Daniel Talbott and Buddy Thomas are two playwrights who are sharing works with audiences during GayFest. While Thomas’ The Crumple Zone focuses on a group of gay friends who find themselves celebrating Christmas together, Talbot’s Mike and Seth explores what happens when two guys meet the night before one of them marries. Both plays deal with the complexity of friendship – and what it means to stare down sometimes tough issues with a certain amount of hope and humor. That’s why we talked to the writers to find out what motivates them, what it means to write a “gay” play these days and what inspires the creative process.

In many ways gay theatre hit a pinnacle in the 80s and 90s when playwrights responded to the AIDS crisis. How has the state of gay theatre changed in more recent years?

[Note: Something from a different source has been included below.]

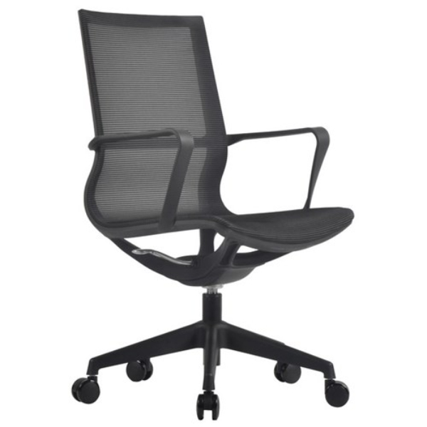 Featuring a uniquely curved one-piece frame with integrated seat and back in premium black mesh

Courtesy of Daniel Talbott

Talbott: I’m feeling like I maybe don’t know enough to totally answer this question completely, but I definitely know there are a ton of extraordinary, fearless, and challenging gay, lesbian, and bisexual playwrights out there right now, and I think that gay theater is majorly alive and kicking, which I love. I don’t know if it’s changed so much as evolved with our world maybe. There are a ton of brilliant writers out there writing honestly, openly, and compassionately about sexuality right now. I mean you had Doric Wilson, Lanford Wilson, Tennessee Williams, William Inge, and you still have Larry Kramer, Tony Kushner, Mark Ravenhill, Linda Chapman, Kate Moira Ryan, The Five Lesbian Brothers, Craig Lucas, Charles Busch, Jeff Weiss, and a ton of others. And now you also have Lucy Thurber, Mark Schultz, Ken Urban, Taylor Mac, Daniel Reitz, Sarah Schulman, Mariah MacCarthy, Gary Sunshine, Kathleen Warnock, J.Stephen Brantley, Jordan Seavey, Troy Deutsch, Donnetta Lavinia Grays and Joshua Conkel, among many, many, many wonderful others. All completely original and powerful, distinct, unafraid voices.

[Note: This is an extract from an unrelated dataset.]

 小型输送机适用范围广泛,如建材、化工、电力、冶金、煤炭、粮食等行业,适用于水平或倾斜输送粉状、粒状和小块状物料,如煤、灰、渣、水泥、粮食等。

Thomas: The Crumple Zone premiered off-Broadway in 2000, but it was written in the late 90s. One of the very reasons I wrote this play is because there seemed to be a point in the 90s when almost every single play that even touched on gay issues also dealt with AIDS in some major or minor way. I totally understand that playwrights were simply responding to the crisis, often in amazing theatrical works, but just because a play focuses on gay people does not mean that AIDS or mortality automatically has to feature into the plot.

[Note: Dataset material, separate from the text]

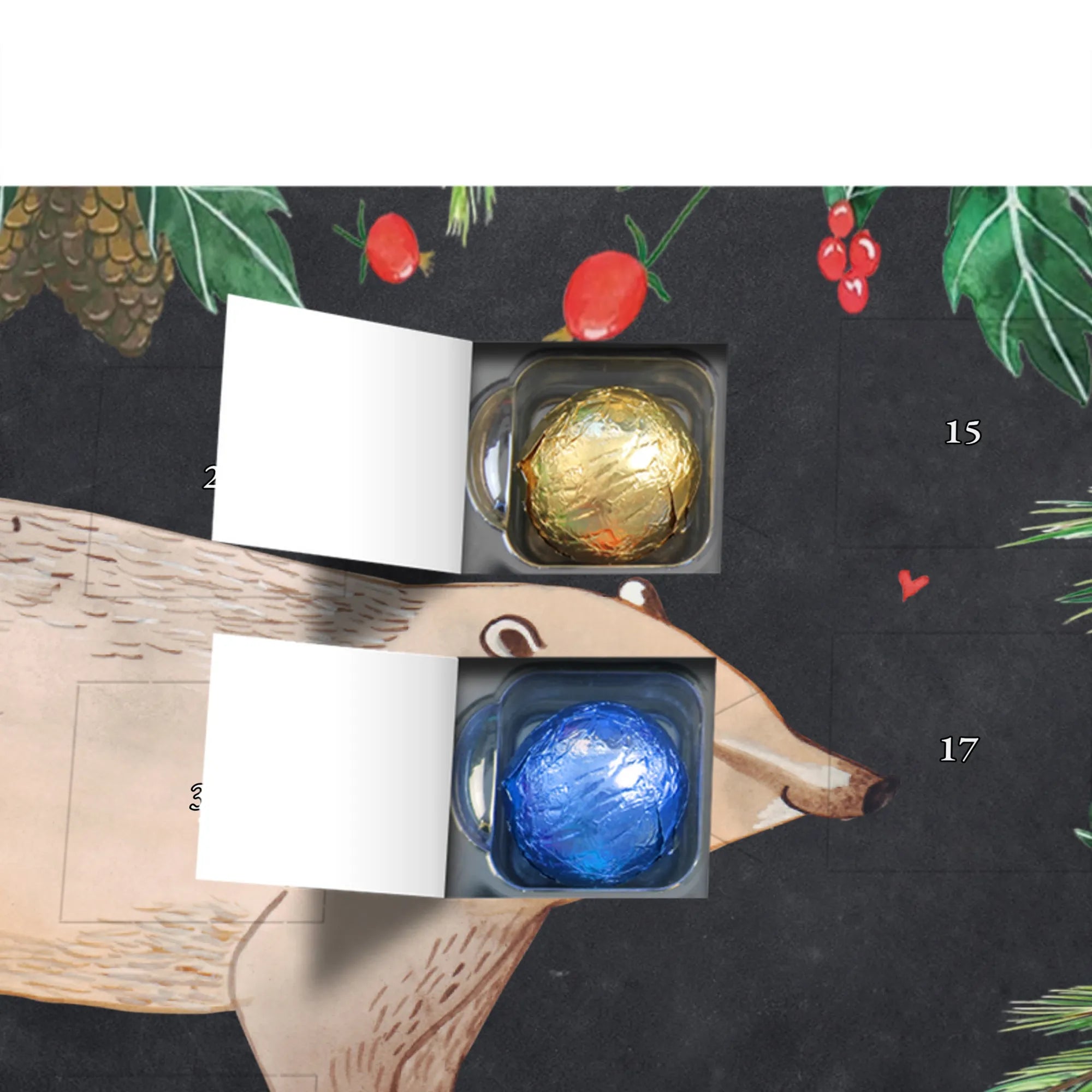 Wunderschöner Adventskalender Schokolade von Mr. & Mrs. Panda – die perfekte Mischung aus Charme und Genuss. Unser Adventskalender Schokolade ist liebevoll gestaltet und bedruckt mit wunderschönen Motiven & Sprüchen von Mr. & Mrs. Panda, die jede Adventszeit verschönern. Der Kalender ist nicht personalisierbar, aber dafür mit viel Liebe zum Detail produziert. Er besticht durch brillante Druckqualität mit seidenmatter Oberflächenveredelung und bedruckte Seitenflächen, die für eine elegante Optik sorgen. Maße: 233 mm x 178 mm x 24 mm. Durch seine stabile Form kannst du ihn aufstellen oder an die Wand hängen – Besonderheit: kann aufgehängt oder aufgestellt werden. Gefüllt mit MARKENNAMEN Schokolade und gefüllt mit leckeren Schokoladenkugeln, bietet er jeden Tag eine leckere Überraschung. Bitte beachte die besonderen Hinweise: (Kann Spuren von Haselnüssen, Mandeln, Gluten und Soja enthalten!), kühl und trocken lagern. Ob als kleines Geschenk, Tischdeko oder Adventsüberraschung für Kinder und Erwachsene – dieser Kalender bringt ein Lächeln in die Vorweihnachtszeit. Viel Spaß beim täglichen Türchenöffnen wünscht dir Mr. & Mrs. Panda!

What are some themes that you often find yourselves wrestling with?

Talbott: I think family, siblings, childhood, my best friends, lovers, my mom, childhood, sex, self-hatred, memory, loneliness, anger, compassion, nature, poverty, spirituality and love.

Courtesy of Buddy Thomas

Thomas: Honestly, what I wrestle with more than anything is finding a spare moment in the day to write at all. I have a pretty all-consuming day job, and in this economy, thank God for that, but the last thing I want to do after twelve hours at a computer is sit at a computer some more. That attitude caused a pretty serious dry-spell after The Crumple Zone premiered off-Broadway. It had gotten great reviews and was a pretty big hit, and everyone wanted to know what I was going to do next. I had some ideas, but just no time. Cut to ten years later, and I finally banged out a new one, the sci-fi spoof, Devil Boys From Beyond, which won Best Play at Fringe NYC and was nominated for a GLAAD Award, before transferring to a commercial off-Broadway run. It has since been performed around the country, and I understand that GayFest did a pretty fun production of it last summer.